As I pointed out, the biggest reason for that inefficiency is building the data view from scratch on
.getData()
. If it would be kept up-to-date in the memory, just like the editing view, it wouldn't take that much time to performgetData()
. So, it would basically work like the editing pipeline but with different converters. Maybe there's even way to quickly prototype it just by using theEditingController
in place of theDataController
🤔?Keep in mind, that would be quite a breaking change. I think this is a huge issue that will demand a lot of testing.
Other than that, AFAIR, we have might think about improving performance in view downcast writer, downcast dispatcher and possibly other parts of the data pipelines. However, there's a ceiling for how much can be achieved this way. So, unfortunately, making the data pipeline "live" is something we will have to do one day.
There's one thing to note, though. When we will introduce the "live" data pipeline, every action done in the editor will take twice as much time. As we add features, callbacks, post fixers, etc. to the editor and the number of things in the event loop rises, we may hit an efficiency issue from another side (for example, typing becomes less responsive).

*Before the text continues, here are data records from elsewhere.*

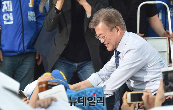 더불어민주당 문재인 대선후보가 7일 오후 광주송정역 광장에서 열린 집중유세를 마친 뒤 지지자들과 악수하고 있다.
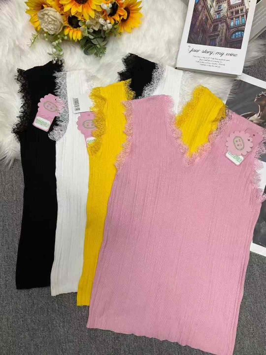 品牌原单宽松百搭设计款蕾丝拼接针织背心,独立包装带吊牌,2款多色看图,...
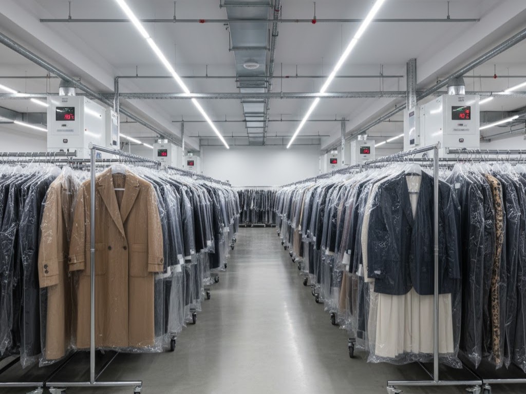 クリーニング後は、温度・湿度が適切に管理されたアパレル専用倉庫で最長8ヶ月間の無料保管が可能です。紫外線や湿気による樹脂劣化を防ぎ、次シーズンまで最適な状態でお預かりします。

There's a possibility that we may end up with two data pipelines: "live" and "on-demand" (that's the one we have now). We could either give the possibility to explicitly use one of them through configuration or through preparing appropriate editor build. But we could also try switching them as the document size grows.
If we hit performance issues with the "live" data view, we could also maybe think about batching changes and updating the data view less frequently than the editing view.